After a short hiatus, the trade war between Canada and the United States has resumed with vigor, as has Donald Trump’s taunting of Canada. But just as many do not remember that the market volatility we are currently experiencing mirrors Trump’s first term, many have forgotten that Canada did well during the first trade war, pulling more than its weight during the NAFTA renegotiations.
“Canada nevertheless appears poised to lose this round overall.”
Unfortunately for Canada’s leaders, circumstances have greatly shifted in the years since. The fiscal and monetary response so far suggests they are preoccupied with protecting the sovereign debt, one of the highest against GDP among developed nations. While Canada will not literally become the 51st US state, the trade war could lead to Canada’s markets losing a fair amount of independence from the United States in its cherished domestic sectors.
During Trump’s first term, Canada’s economy was booming, and the country—then led by a fresh and popular Prime Minister Justin Trudeau—retaliated against the US president’s protectionist policies with reciprocal tariffs on more than $11 billion in American goods. After a few months of negotiations, Canada modestly increased access to its dairy markets in exchange for several important concessions from the United States. These included avoiding auto tariffs and preserving most of its dairy supply management system. It was an impressive showing for Canada.
This time, Canadian negotiators are in a far weaker position. Shortly after the signing of the US-Mexico-Canada Agreement, Covid hit. The policy response to the pandemic caused both household and federal debt levels to soar to historical highs, enabled by the actions of the Bank of Canada and all levels of government. The resulting monetary easing led to inflation, which the Bank of Canada has since been attempting to control through quantitative tightening and rate hikes. The Bank of Canada even resumed quantitative easing as it restarted rate cuts in June 2024 in response to economic weakness. Despite these efforts, the Canadian dollar has continued to decline against the US dollar, hitting some of its lowest levels in decades.
With the onset of the trade war, the Bank of Canada announced further rate cuts to “protect the economy,” while the Canadian federal government responded with aggressive counter-tariffs and financial support for companies and individuals affected by the fallout. Mark Carney, the new prime minister of Canada, has vowed to maintain these counter-tariffs until the United States “commits to free trade,” clearly seeking to replicate Trudeau’s initial success using this tactic.

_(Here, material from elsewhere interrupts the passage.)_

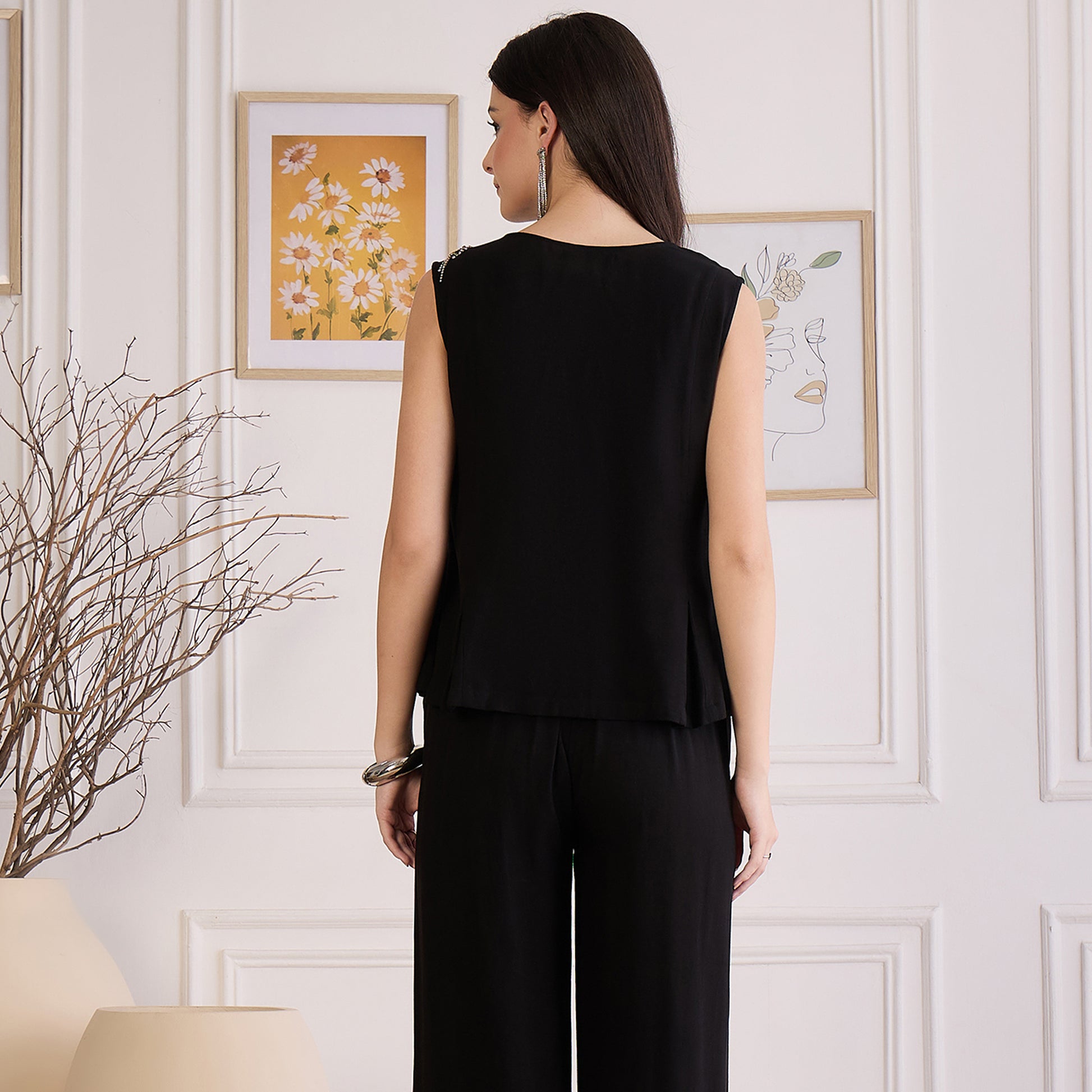 Style Guide Pair this versatile top with tailored pants or a sleek skirt for a polished look. Keep accessories minimal to highlight the shoulder embellishment. Finish with classic heels and a structured bag. Opt for a simple hairstyle like a low bun or straight hair, and natural makeup to keep the focus on the top.

The combination of rate cuts and another fiscal injection into the economy protects debt at the cost of rising inflation and further weakening of the currency. Ultimately, the long-suffering Canadian consumer will face ever higher living costs as a result. The resulting political pressure on the government may push it to accept a bad deal with Trump. Trump seems to be cognizant of Canada’s greater weakness and has been aggressively ramping up tariffs lately, though in his typically chaotic one-step-forward, two-steps-back fashion.
That said, Canada still enjoys a few advantages. For one, the two economies have highly intertwined sectors. For instance, tariffs on Canada’s auto exports—currently paused by the Trump administration—would also rebound on American auto manufacturers, as each vehicle exported from Canada contains 45.5 percent American parts.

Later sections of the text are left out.